登陆注册
14716700000049

第49章 THE TEACHER(1)

SNOW LAY DEEP in the streets of Winesburg. It had begun to snow about ten o'clock in the morning and a wind sprang up and blew the snow in clouds along Main Street. The frozen mud roads that led into town were fairly smooth and in places ice cov- ered the mud. "There will be good sleighing," said Will Henderson, standing by the bar in Ed Griffith's saloon. Out of the saloon he went and met Sylvester West the druggist stumbling along in the kind of heavy overshoes called arctics. "Snow will bring the people into town on Saturday," said the druggist. The two men stopped and discussed their affairs. Will Henderson, who had on a light overcoat and no overshoes, kicked the heel of his left foot with the toe of the right. "Snow will be good for the wheat," observed the druggist sagely.

Young George Willard, who had nothing to do, was glad because he did not feel like working that day. The weekly paper had been printed and taken to the post office Wednesday evening and the snow began to fall on Thursday. At eight o'clock, after the morning train had passed, he put a pair of skates in his pocket and went up to Waterworks Pond but did not go skating. Past the pond and along a path that followed Wine Creek he went until he came to a grove of beech trees. There he built a fire against the side of a log and sat down at the end of the log to think.
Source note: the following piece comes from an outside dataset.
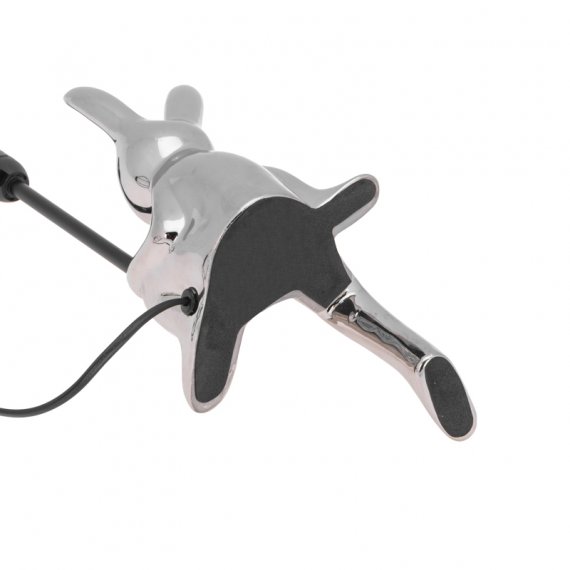 Светильник декоративный МОБИ Заяц хром REXANT Декоративный настольный светильник выполнен в необычном и стильном дизайне. Представляет собой осветительный прибор, который станет оригинальным интерьерным украшением. При производстве используются такие материалы, как смола и металл. Светильник работает от стандартной сети 220 В и не требует дополнительных элементов питания. Оснащен патроном Е14, который совместим с лампами накаливания до 40 Вт, с энергосберегающими и светодиодными лампами. Серебряный заяц – неповторимый предмет декора для дома и уюта.

When the snow began to fall and the wind to blow he hurried about getting fuel for the fire.

The young reporter was thinking of Kate Swift, who had once been his school teacher. On the eve- ning before he had gone to her house to get a book she wanted him to read and had been alone with her for an hour. For the fourth or fifth time the woman had talked to him with great earnestness and he could not make out what she meant by her talk. He began to believe she must be in love with him and the thought was both pleasing and annoying.
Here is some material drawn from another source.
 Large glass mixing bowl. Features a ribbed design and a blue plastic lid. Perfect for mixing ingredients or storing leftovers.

Up from the log he sprang and began to pile sticks on the fire. Looking about to be sure he was alone he talked aloud pretending he was in the presence of the woman, "Oh,, you're just letting on, you know you are," he declared. "I am going to find out about you. You wait and see."The young man got up and went back along the path toward town leaving the fire blazing in the wood. As he went through the streets the skates clanked in his pocket. In his own room in the New Willard House he built a fire in the stove and lay down on top of the bed. He began to have lustful thoughts and pulling down the shade of the window closed his eyes and turned his face to the wall. He took a pillow into his arms and embraced it thinking first of the school teacher, who by her words had stirred something within him, and later of Helen White, the slim daughter of the town banker, with whom he had been for a long time half in love.

By nine o'clock of that evening snow lay deep in the streets and the weather had become bitter cold. It was difficult to walk about. The stores were dark and the people had crawled away to their houses. The evening train from Cleveland was very late but nobody was interested in its arrival. By ten o'clock all but four of the eighteen hundred citizens of the town were in bed.

Hop Higgins, the night watchman, was partially awake. He was lame and carried a heavy stick. On dark nights he carried a lantern. Between nine and ten o'clock he went his rounds. Up and down Main Street he stumbled through the drifts trying the doors of the stores. Then he went into alleyways and tried the back doors. Finding all tight he hurried around the corner to the New Willard House and beat on the door. Through the rest of the night he intended to stay by the stove. "You go to bed. I'll keep the stove going," he said to the boy who slept on a cot in the hotel office.

Hop Higgins sat down by the stove and took off his shoes. When the boy had gone to sleep he began to think of his own affairs. He intended to paint his house in the spring and sat by the stove calculating the cost of paint and labor. That led him into other calculations. The night watchman was sixty years old and wanted to retire. He had been a soldier in the Civil War and drew a small pension. He hoped to find some new method of making a living and aspired to become a professional breeder of ferrets. Already he had four of the strangely shaped savage little creatures, that are used by sportsmen in the pursuit of rabbits, in the cellar of his house. "Now I have one male and three females," he mused. "If I am lucky by spring I shall have twelve or fifteen. In another year I shall be able tobegin advertising ferrets for sale in the sporting papers."The nightwatchman settled into his chair and his mind became a blank. He did not sleep. By years of practice he had trained himself to sit for hours through the long nights neither asleep nor awake. In the morning he was almost as refreshed as though he had slept.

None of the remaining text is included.